• [Work to be completed] After locating the line with "11月11日,由中共福建省委", repeat it and every following line to the end of the listing, exactly. Omit the pictures.

[[ Source data, beginning ]]

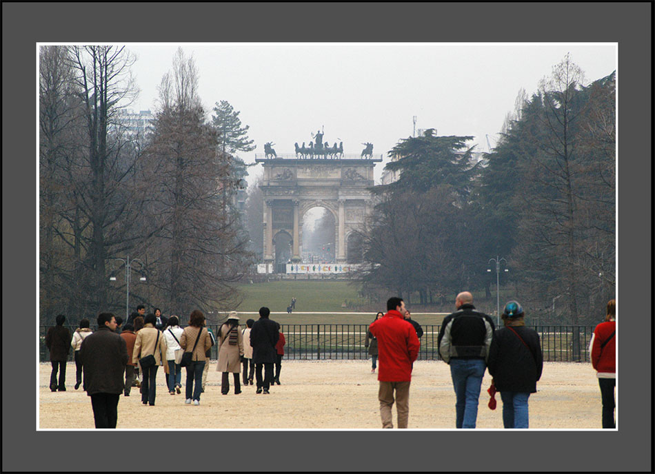 小生はパリの凱旋門を見たことがないが、似ている。それも当然で、両方共ナポレオンが自身の戦勝を祝うために建設を命じたもの。彼は完成を見る前に失脚し、代わって統治者になったオーストリア・ハプスブルク家が1838年に完成させた。凱旋された側のイタリア人に鬱屈した気分が残りそうだが、領主が入れ替わるのはヨーロッパの常で、今もわだかまりなく「平和の門」(Arco della Pace)と呼び、今回のオリンピックで聖火(平和の象徴)の設置場所に選んだ。
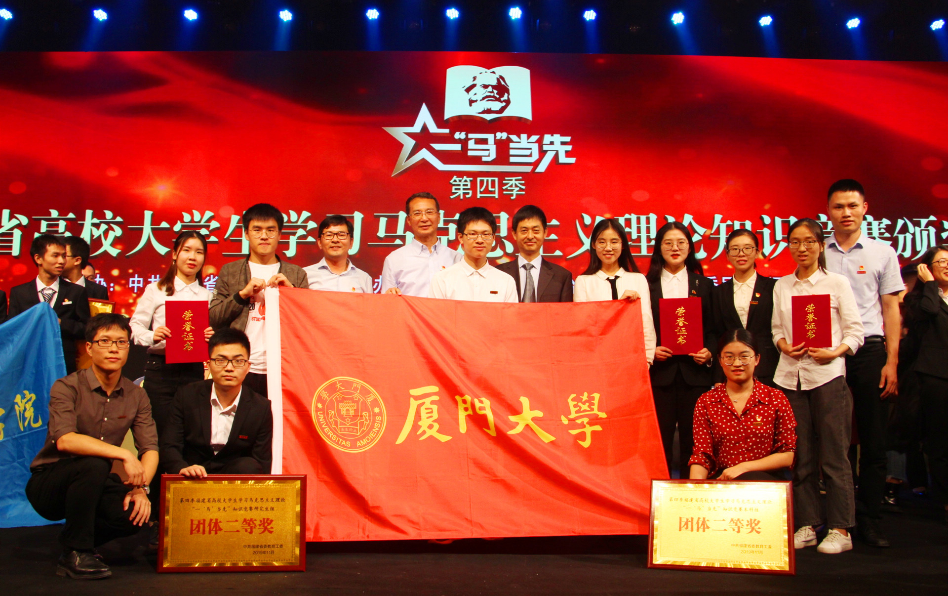 11月11日,由中共福建省委教育工委主办,福建省高校思想政治理论课教学指导委员会、福建教育电视台承办的第四季福建省高校大学生学习马克思主义理论“一‘马’当先”知识竞赛总决赛在福州落下帷幕。我校荣获本科生组团体二等奖、研究生组团体二等奖,个人获奖人数位列全省高校第一。经济学院本科生黄少茹属第二次参加该项赛事,在决赛中从竞答团中以第一名的成绩获得最后一张总决赛入场券,并上演“黑马”逆袭之战,在必答环节和淘汰环节都表现出色,最终获得本科生组个人一等奖,创下我校在该赛事中的历史最好成绩。经济学院研究生钱俊安获个人二等奖,公共事务学院研究生胡子琪、经济学院研究生王涛获个人三等奖,外文学院本科生刘凤祺、材料学院本科生张佩娟获得优胜奖,马克思主义学院研究生阙桃娣、经济学院研究生曹梦、经济学院本科生王东辉入围总决赛竞答团。校党委副书记赖虹凯、党委学生工作部副部长陈泗林到现场观摩研究生组总决赛并亲切慰问参赛师生。出发前,党委学生工作部部长李峰给参赛团队发送鼓励加油的短信,在11月6日进行的研究生组晋级赛和半决赛,我部副部长高斌也到场为选手助威,并参加了本科生组的领队会议。
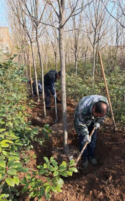 移栽时尽量保留完整的根系,尤其是乔木类。
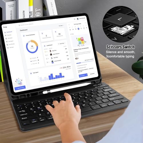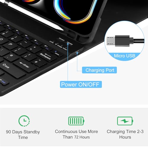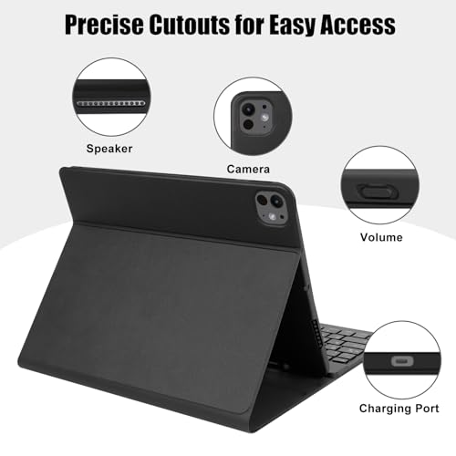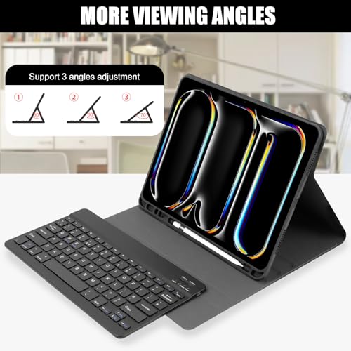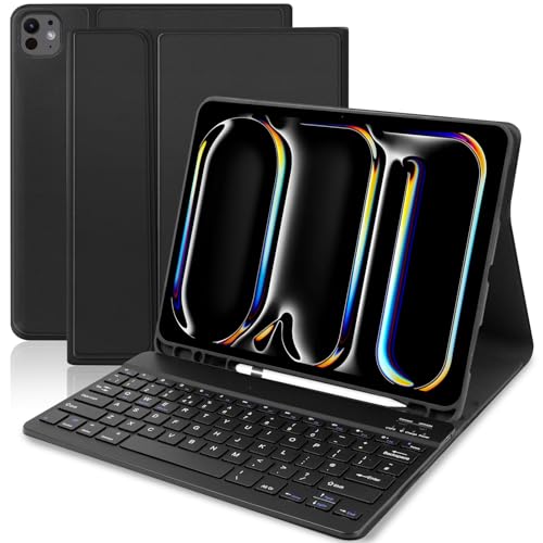 TENGWUDZ - حافظة لوحة مفاتيح لجهاز اي باد برو 13 بوصة 2024 M4 من تينج وودز، جراب حماية رفيع مع حامل قلم ولوحة مفاتيح لاسلكية قابلة للفصل لاي باد برو 13 بوصة (لون أسود)

[[ Source data, end ]]

• [Result of the exercise]
 11月11日,由中共福建省委教育工委主办,福建省高校思想政治理论课教学指导委员会、福建教育电视台承办的第四季福建省高校大学生学习马克思主义理论“一‘马’当先”知识竞赛总决赛在福州落下帷幕。我校荣获本科生组团体二等奖、研究生组团体二等奖,个人获奖人数位列全省高校第一。经济学院本科生黄少茹属第二次参加该项赛事,在决赛中从竞答团中以第一名的成绩获得最后一张总决赛入场券,并上演“黑马”逆袭之战,在必答环节和淘汰环节都表现出色,最终获得本科生组个人一等奖,创下我校在该赛事中的历史最好成绩。经济学院研究生钱俊安获个人二等奖,公共事务学院研究生胡子琪、经济学院研究生王涛获个人三等奖,外文学院本科生刘凤祺、材料学院本科生张佩娟获得优胜奖,马克思主义学院研究生阙桃娣、经济学院研究生曹梦、经济学院本科生王东辉入围总决赛竞答团。校党委副书记赖虹凯、党委学生工作部副部长陈泗林到现场观摩研究生组总决赛并亲切慰问参赛师生。出发前,党委学生工作部部长李峰给参赛团队发送鼓励加油的短信,在11月6日进行的研究生组晋级赛和半决赛,我部副部长高斌也到场为选手助威,并参加了本科生组的领队会议。
 移栽时尽量保留完整的根系,尤其是乔木类。
 TENGWUDZ - حافظة لوحة مفاتيح لجهاز اي باد برو 13 بوصة 2024 M4 من تينج وودز، جراب حماية رفيع مع حامل قلم ولوحة مفاتيح لاسلكية قابلة للفصل لاي باد برو 13 بوصة (لون أسود)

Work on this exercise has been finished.